COVID-19
On 21 November 2020, the U.S. Food and Drug Administration (FDA) issued an emergency use authorization (EUA) for casirivimab and imdevimab to be administered together for the treatment of mild to moderate [COVID19] in people twelve years of age or older weighing at least 40 kg with positive results of direct SARS-CoV-2 viral testing and who are at high risk for progressing to severe COVID19.[35][9][36] This includes those who are 65 years of age or older or who have certain chronic medical conditions. Casirivimab and imdevimab must be administered together by intravenous (IV) infusion or subcutaneous injection.[9]
Casirivimab and imdevimab are not authorized for people who are hospitalized due to COVID19 or require oxygen therapy due to COVID19. A benefit of casirivimab and imdevimab treatment has not been shown in people hospitalized due to COVID19. Monoclonal antibodies, such as casirivimab and imdevimab, may be associated with worse clinical outcomes when administered to hospitalized people with COVID19 requiring high flow oxygen or mechanical ventilation. In June 2021, the EUA was revised to authorize "the use of the unapproved product, REGEN‑COV (casirivimab and imdevimab) co-formulated product and REGEN‑COV (casirivimab and imdevimab) supplied as individual vials to be administered together, for the treatment of mild to moderate COVID19 in people aged twelve years of age and older weighing at least 40 kg with positive results of direct SARS-CoV-2 viral testing, and who are at high risk for progression to severe COVID19, including hospitalization or death".[9][7]
The EUA was issued to Regeneron Pharmaceuticals Inc.[35][36][37]
In February 2021, the Committee for Medicinal Products for Human Use (CHMP) of the European Medicines Agency (EMA) started a rolling review of data on the REGN‑COV2 antibody combination (casirivimab/imdevimab), which is being co-developed by Regeneron Pharmaceuticals, Inc. and F. Hoffman-La Roche, Ltd (Roche) for the treatment and prevention of COVID19.[38][39] In February 2021, the CHMP concluded that the combination, also known as REGN-COV2, can be used for the treatment of confirmed COVID19 in people who do not require supplemental oxygen and who are at high risk of progressing to severe COVID19.[40]

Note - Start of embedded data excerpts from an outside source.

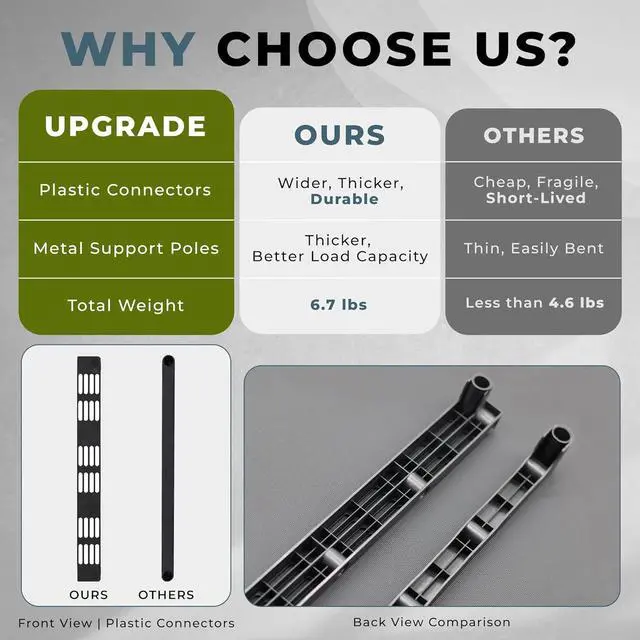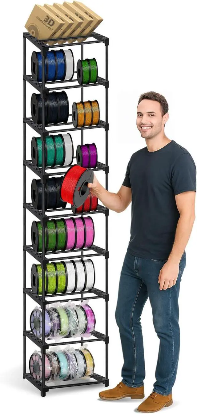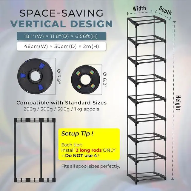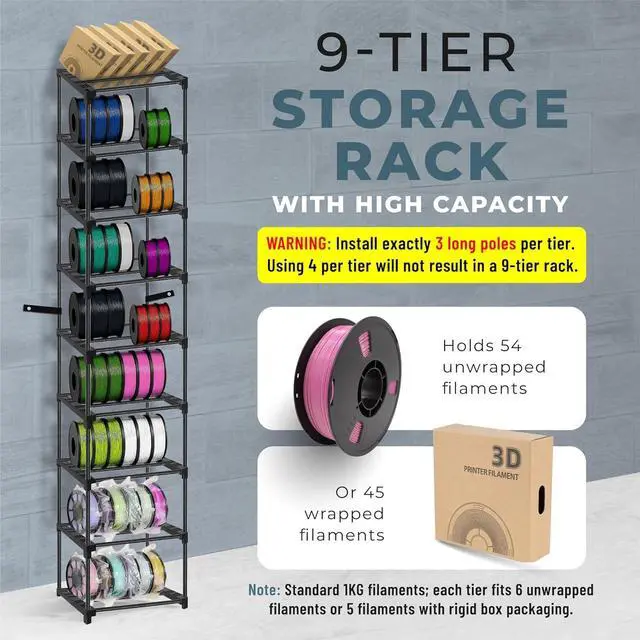 [ & | - ] Upgraded design, built with thicker plastic connectors and metal poles, it weighs 6.7 lbs totalfar sturdier than flimsy market alternatives (under 4.6 lbs) that bend easily, collapse, and spill spools everywhere. This 9-tier rack can hold 4554 3D filament spools (5/6 per tier). Perfect for large-scale storage and seamless workflow organization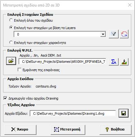 Μπορούμε να μετατρέψουμε οντότητες cad από 2D σε 3D. Η παραπάνω εφαρμογή χρησιμοποιείται όταν θέλουμε να δώσουμε την πληροφορία του υψομέτρου στις οντότητες του σχεδίου, όπως κορυφές ιδιοκτησίας, όρια κ.λ.π. Οι οντότητες θα πρέπει να μπορούν να εισάγουν 3D πληροφορία. Π.χ. θα πρέπει να είναι 3d polyline και όχι LWPolyline. Μπορούμε να μετατρέψουμε τις οντότητες από LWPolyline σε 3D Polyline από το εργαλείο Μετατροπές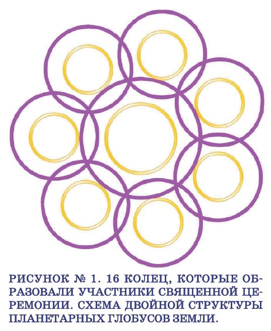 Утром, 27 июля, Священная Церемония началась. Все 9999 человек выстроились по окружностям, образовав структуру, которая вам известна как «Глобус Бога» или Схема планетарных Глобусов Земли. Всего было образовано восемь окружностей: одна в центре, семь вокруг неё. После этого внутри всех восьми окружностей мы выстроили окружности меньшим диаметром. Все участники церемонии были одеты в одеяния двух цветов – золотого и фиолетового. Таким образом, были образованы 16 колец. Внешние кольца были фиолетового цвета, внутренние – золотые (рис. № 1).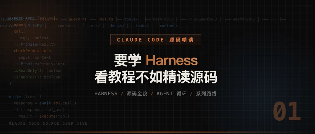 要学 Harness,看教程不如精读源码。 Claude Code 源码精读这个系列将逐模块拆解 Claude Code 的完整源码,带你从零理解一个行业最顶尖水平的 AI Agent 是怎么构建的。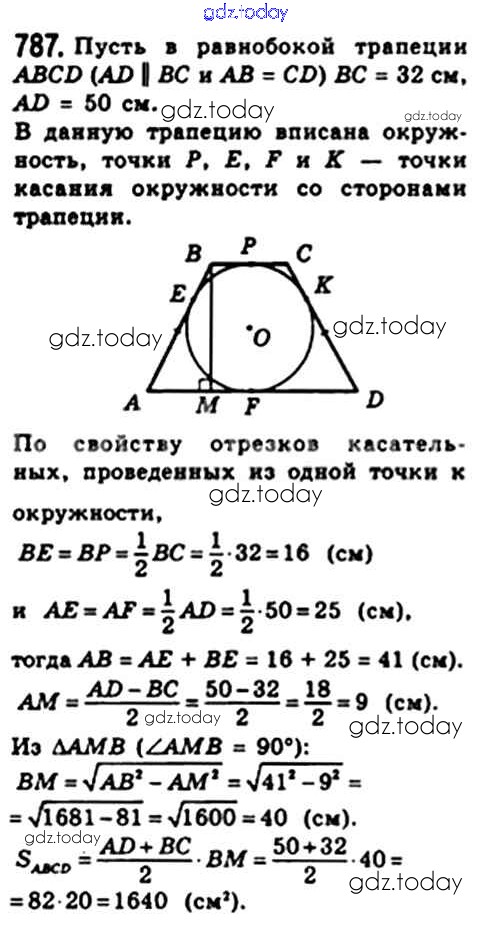 Ответы к § 23. Площадь трапеции Решение. Глава 4. Многоугольники. Площадь многоугольника 787 Учебнику по Геометрии для 8 класса Мерзляк, Полонский Вентана-граф Алгоритм успеха 2015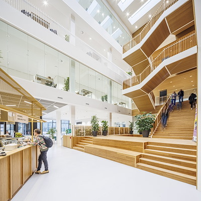 Akoestiek is in de open omgevingen belangrijk en de vraag was hoe je dat het beste kunt oplossen. Het is een ruimte waar altijd rumoer is, maar waar studenten ook moeten kunnen werken. De flexibele gebouwen zijn adaptief. Op akoestisch gebied moet dat natuurlijk aansluiten. Er is een gewenst niveau nagalmtijd aangegeven dat het team van adviseurs, waaronder de architect, het bouwfysisch bureau Peutz en de specialisten van Ecophon hebben kunnen waarmaken binnen dit architectonische hoogstandje. In dit soort ruimten is het een uitdaging de akoestiek goed te krijgen. Door de hoogte, de enorme glazen wanden die veel geluidreflectie geven en de harde vloer, heb je voor een goede akoestiek zowel plafond als wandabsorptienodig. Naast het akoestische plafond van Ecophon zijn er houten akoestische wandpanelen met daarachter minerale wol toegepast zodat een akoestisch aangename ruimte ontstaat. Er zijn verschillende akoestische plafondpanelen in het project toegepast,zoals de Focus A en Gedina A, maar dan in een 15 mm grid systeem wat een smal profiel is, zodat je de lijnen minder ziet. Hier en daar is er gekozen voor verrassende kleurvlakken in de gebouwen, waardoor visueel een andere wereld ontstaat. Ecophon heeft een mooi pallet aan kleuren voor de panelen, die daardoor de kleur van het nieuwe interieurlandschap hebben bepaald. Kortom, Fontys heeft een prachtig getransformeerde campus waar de natuurlijke en vooral groene verbinding tussen docent, student en de bezoekers uit de stad centraal staat. Dit binnen een aangename akoestische omgeving.
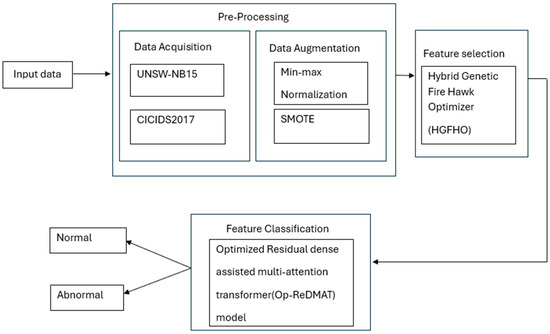 With the introduction of software-defined networks, smart homes, and the IoT, today’s computer networks and the applications that connect to these devices have experienced unprecedented growth. However, the possibility of network intrusions has also gradually increased, providing a constant risk to network infrastructures. These attacks aim to destroy availability, confidentiality, authority, and integrity, which are the primary basis of computing systems. A particular optimized transformer model has been utilized for network intrusion detection mechanisms to detect cyber-attacks. Initially, min-max normalization was employed to eliminate the effect of a maximum or minimum value on the main characteristics. Secondly, to solve the inadequate minority attack detection efficiency resulting from an imbalance in training data, the synthetic minority over-sampling method utilizes a data augmentation mechanism. Furthermore, feature selection was performed using Hybrid Genetic Fire Hawk Optimizer (HGFHO) to select the optimal subset of features. In the classification phase, optimized residual dense-assisted multi-attention transformer (Op-ReDMAT) models were developed to identify network cyber-attacks. Here, input data is collected from two publicly available datasets: UNSW-NB15 and CICIDS2017. Figure 1 illustrates the block diagram of the proposed methodology.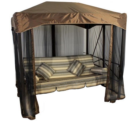Мы хотим предложить вам приобрести комплект, предназначенный для четырёхместных качелей-шатра Монреаль. Данный комплект выполнен в коричневом цвете, он состоит из тента-крыши и противомоскитной сетки. Предназначен данный комплект для качелей, ширина которых составляет 160 см, длина 235 см, высота 220 см. Изготовлен тент из такого материала, как синтепон.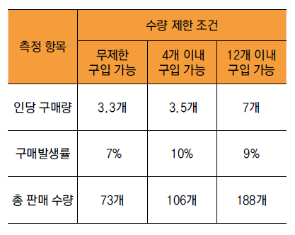 어떤 결과가 나왔을까? 구매량과 구매 발생률에서 의미 있는 차이가 나타났다. 구매 수량에 제한을 두지 않은 경우에는 쇼핑객들은 평균 3.3개를 구입했다. 반면에 구매 수량에 제한을 둔 조건 2에서는 평균 3.5개, 조건 3에서는 평균 7개로 구매량이 늘어났다. 구매 발생률도 수량을 제한할 때가 높게 나왔다.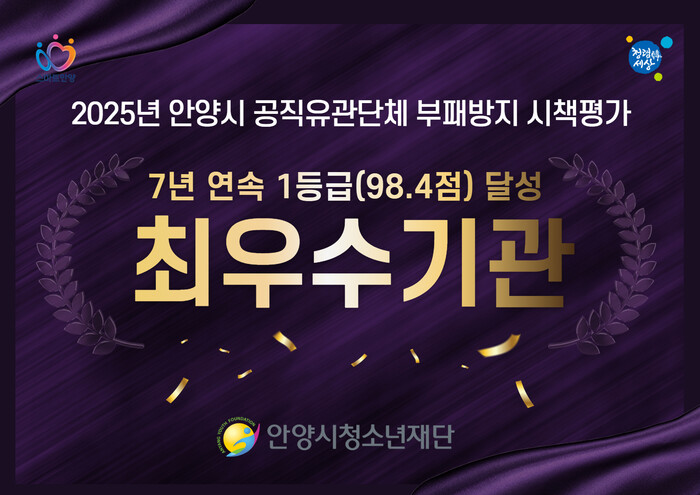 | ▲ 안양시청소년재단이 2025년 안양시 공직유관단체 부패방지 시책평가에서 7년 연속 최우수기관으로 선정됐다 /자료제공=안양시 |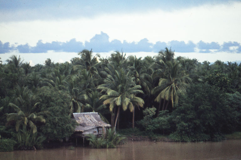 Nach Singapur fahren wir nicht, wir löschen ein paar Kisten vor Anker, dann gehts weiter nach Bangkok. Hier sind wir schon im Bangkok-River, auf dem reger Verkehr herrscht.

The Central Drugs Standards Control Organisation (CDSCO) in India, on 5 May 2021, granted an Emergency Use Authorization to Roche (Genentech)[41] and Regeneron[42] for use of the casirivimab/imdevimab cocktail in the country. The announcement came in light of the second wave of the COVID19 pandemic in India. Roche India maintains partnership with Cipla, thereby permitting the latter to market the drug in the country.[43]
In July 2021, the US FDA revised the emergency use authorization (EUA) for REGEN‑COV (casirivimab and imdevimab, administered together) authorizing REGEN‑COV for emergency use as post-exposure prophylaxis (prevention) for COVID19 in people aged twelve years of age and older weighing at least 40 kg who are at high risk for progression to severe COVID19, including hospitalization or death.[44] REGEN‑COV remains authorized for the treatment of mild-to-moderate COVID19 in people aged twelve years of age and older weighing at least 40 kg with positive results of direct SARS-CoV-2 viral testing, and who are at high risk for progression to severe COVID19, including hospitalization or death.[44]
In April 2021, Roche (Genentech)[41] and Regeneron announced that the Phase III clinical trial REGN-COV 2069 met both primary and secondary endpoints, reducing risk of infection by 81% for the non-infected participants, and reducing time-to-resolution of symptoms for symptomatic participants to one week vs. three weeks in the placebo group.[45]
In June 2021, preliminary results form the Recovery trial showed reduced mortality from 30% to 24% in people that had produced no antibodies themselves which were 33% of the total of participants.[46][47][48][49]
In January 2024, clinical observations were published recording the full remission on long covid symptoms in 3 patients who were treated with Casirivimab/imdevimab.[50] The treatment was not given with the intention of treating the long-covid but had that outcome.
Trials
In a clinical trial of people with COVID19, casirivimab and imdevimab, administered together, were shown to reduce COVID19-related hospitalization or emergency room visits in people at high risk for disease progression within 28 days after treatment when compared to placebo.[51] The safety and effectiveness of this investigational therapy for use in the treatment of COVID19 continues to be evaluated.[51]
The data supporting the emergency use authorization (EUA) for casirivimab and imdevimab are based on a randomized, double-blind, placebo-controlled clinical trial in 799 non-hospitalized adults with mild to moderate COVID19 symptoms.[51] Of these participants, 266 received a single intravenous infusion of 2,400 milligrams casirivimab and imdevimab (1,200 mg of each), 267 received 8,000 mg casirivimab and imdevimab (4,000 mg of each), and 266 received a placebo, within three days of obtaining a positive SARS-CoV-2 viral test.[51]
The prespecified primary endpoint for the trial was time-weighted average change in viral load from baseline.